__Task__:
Copy every line from the one that holds "YSL 25S HIGH-HEEL" to the end of the records below, exactly and with nothing else, but without any pictures.

[Extracted records]

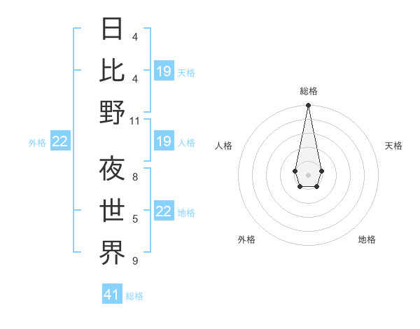 日比野 夜世界さんの総格は41画の5点!
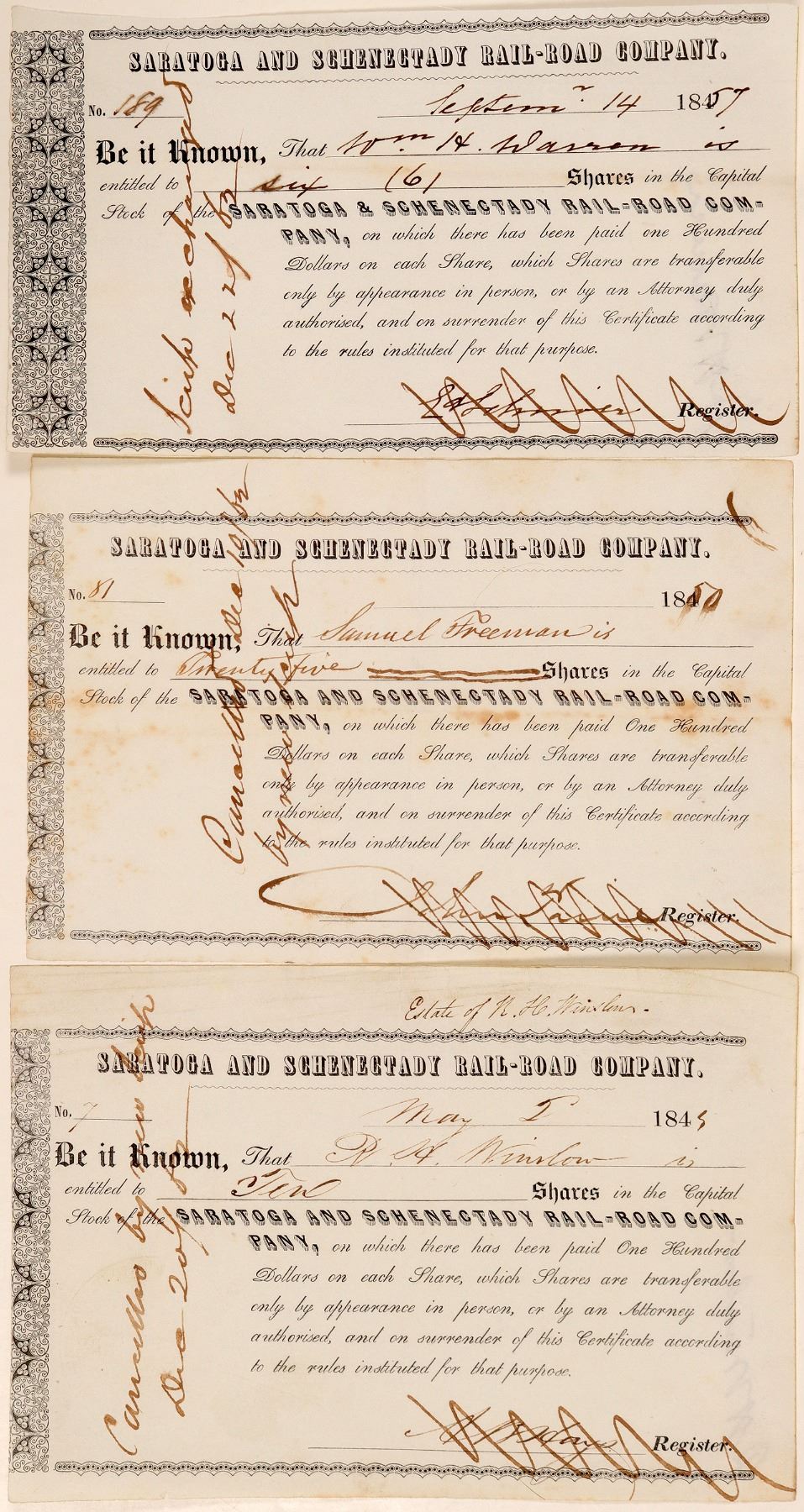 3 certificates. Incorp. February 16, 1831 New York . The line was opened for a total of 20.8 miles. All I/C, $100 par shares, BLACK on white paper. Ornamental design on left. Title ; hollow lettering w/shadow. Embossed seal w/ cab-less loco center. Unknown printer. #7, 10 shares issued to R.A. Winslow May 5. 1845, signed A.B. Hayes Register. #81, 25 shares issued to Samuel Freeman 1850, signed John Taine Register. #189, 6 shares issued to Wm. H. Warren Sept 14, 1857, signed L. Lehmier Register. Dates of known issue were originally thought to be 1849-1860, making the 1845 issue rare. VF Ken Prag Collection
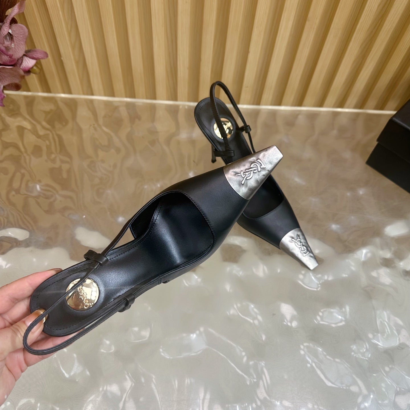 YSL 25S HIGH-HEEL SLINGBACKS 105 MM IN BLACK LAMBSKIN AND SILVER HARDWARE
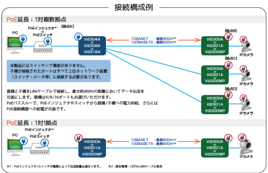 MaxiiCopper Vi2300Aシリーズ:接続構成例/給電距離性能
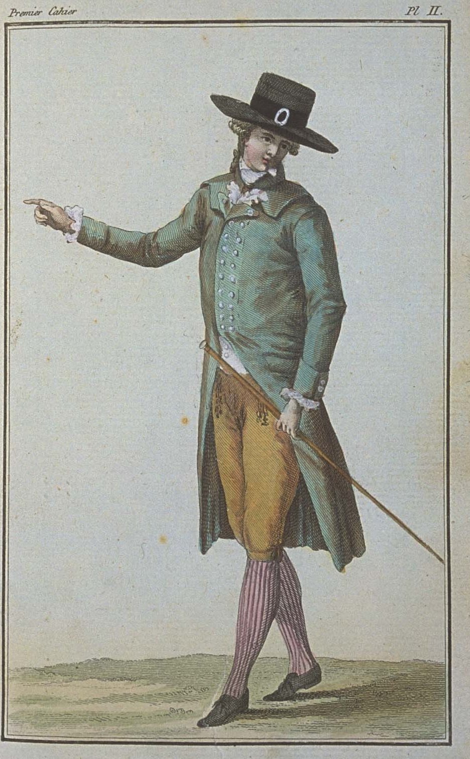 * See Galerie des Modes, 35th book, 3rd figure: “Déshabillé that young people put on in the morning and which consists of a rateen or coutil frock coat, a black or white taffeta cravat, hair in a queue or pulled up with a comb, long breeches known under the name of pantaloons, or artistically worked brodequins.”
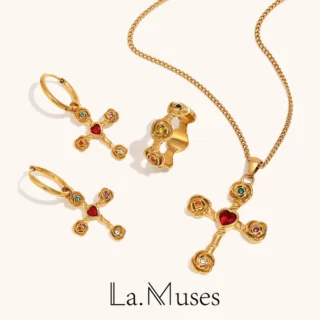 La. Muses Colored Cubic Zirconia Flower Shaped Stainless Steel Women's Jewelry Set PVD Coated Waterproof Jewelry Gift

__Output for this task__:
 YSL 25S HIGH-HEEL SLINGBACKS 105 MM IN BLACK LAMBSKIN AND SILVER HARDWARE
 MaxiiCopper Vi2300Aシリーズ:接続構成例/給電距離性能
 * See Galerie des Modes, 35th book, 3rd figure: “Déshabillé that young people put on in the morning and which consists of a rateen or coutil frock coat, a black or white taffeta cravat, hair in a queue or pulled up with a comb, long breeches known under the name of pantaloons, or artistically worked brodequins.”
 La. Muses Colored Cubic Zirconia Flower Shaped Stainless Steel Women's Jewelry Set PVD Coated Waterproof Jewelry Gift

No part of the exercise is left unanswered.